Perico, mesmo de uma geração bem tardia relativamente à Revolução dos Cravos, tem os acontecimentos devidamente, absorvidos e aprofundados, e Zeca no coração. "Grândola é um tema que sentimos como nosso. Zeca cantou pela primeira vez a música em Compostela e tinha muito carinho pela Galiza. Esta música é o nosso símbolo da liberdade e democracia, também é a nossa celebração em alguns ambientes. Ainda na passagem do 50º aniversário da revolução, centenas de pessoas reuniram-se a cantar «Grândola Vila Morena» em Compostela.

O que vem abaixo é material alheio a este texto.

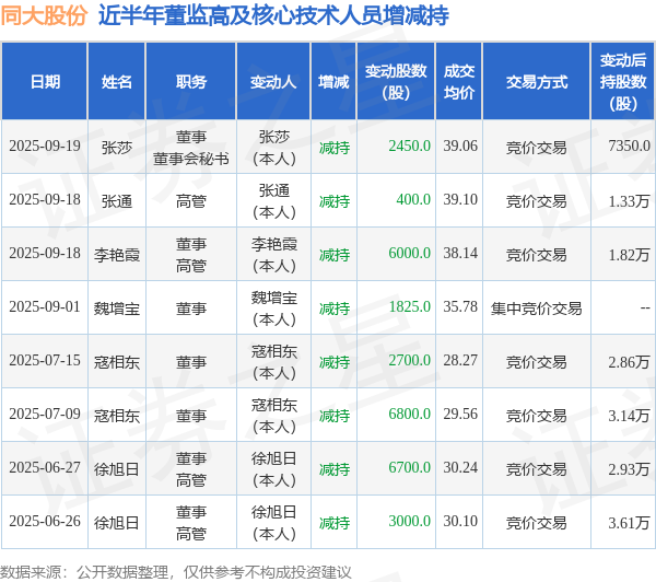 同大股份近半年内的董监高及核心技术人员增减持详情如下: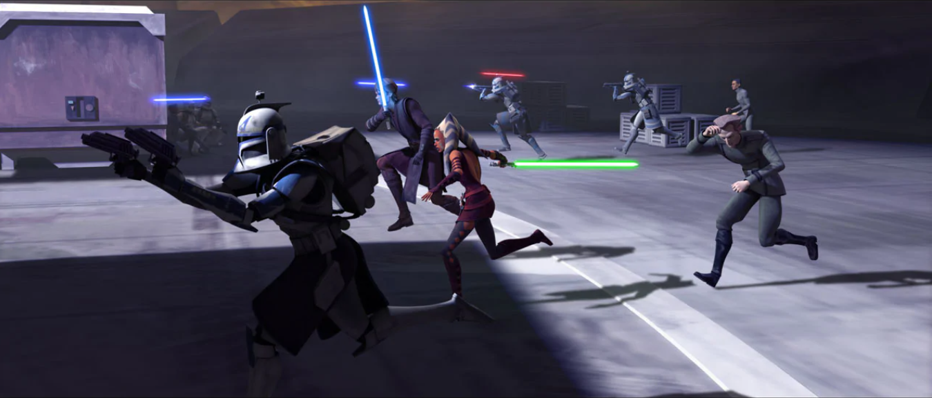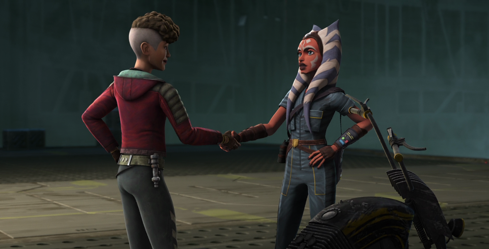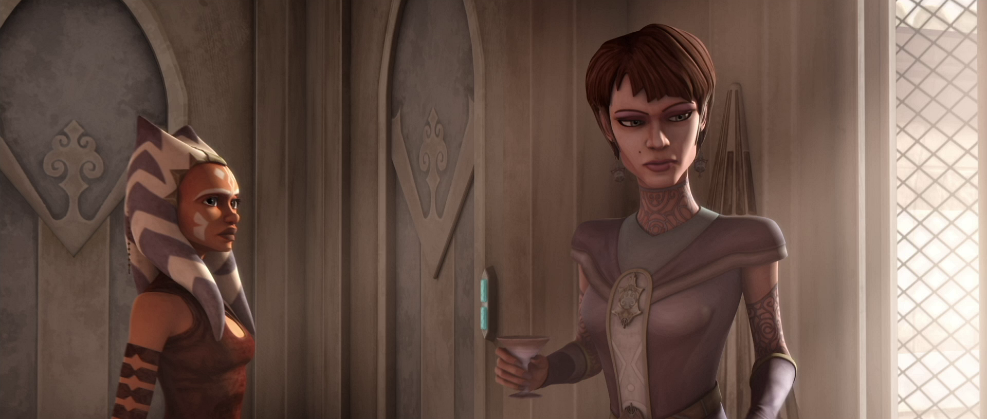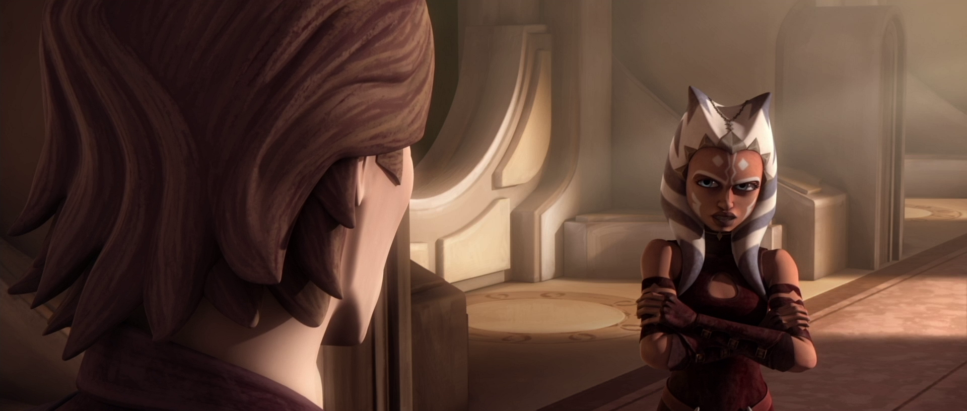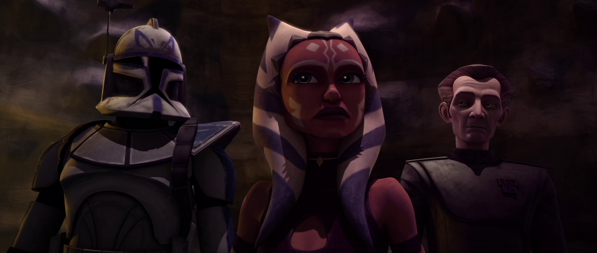 Ahsoka's conversation with Rex in the Star Wars Rebels episode "Twilight of the Apprentice" is meant to mirror their first conversation in the Clone Wars film.[231]

Faz parte da nossa vida", destaca Perico Balado, alguém muito interventivo nas redes e atento a descargas virais como quando um inquérito feito com adeptos do Celta deu conta da preferência de competirem em Portugal, cansados de prejuízos pelas arbitragens.
"Foi uma piada mas que foi tomada com bom gosto. Os adeptos do Celta sentem-se próximos de Portugal e os vizinhos da Corunha até nos chamam portugueses. Esta ligação tem aumentado, é algo muito positivo e que se pode explorar mais. É frequente ouvir os portugueses nos Balaídos e o Celta podia chegar mais às cidades do norte de Portugal, tentar criar uma linha de autocarros, vender entradas nas terras fronteiriças. É um mercado muito interessante e espero que esta Direção, que tem acertado tanto, possa ir por esse caminho", observa Perico, só esperando um português que triunfe na equipa. "Já tivemos alguns como Cadete, Vasco Fernandes, Gonçalo Paciência, Bruno Caires, Capucho. Falta um que venha brilhar."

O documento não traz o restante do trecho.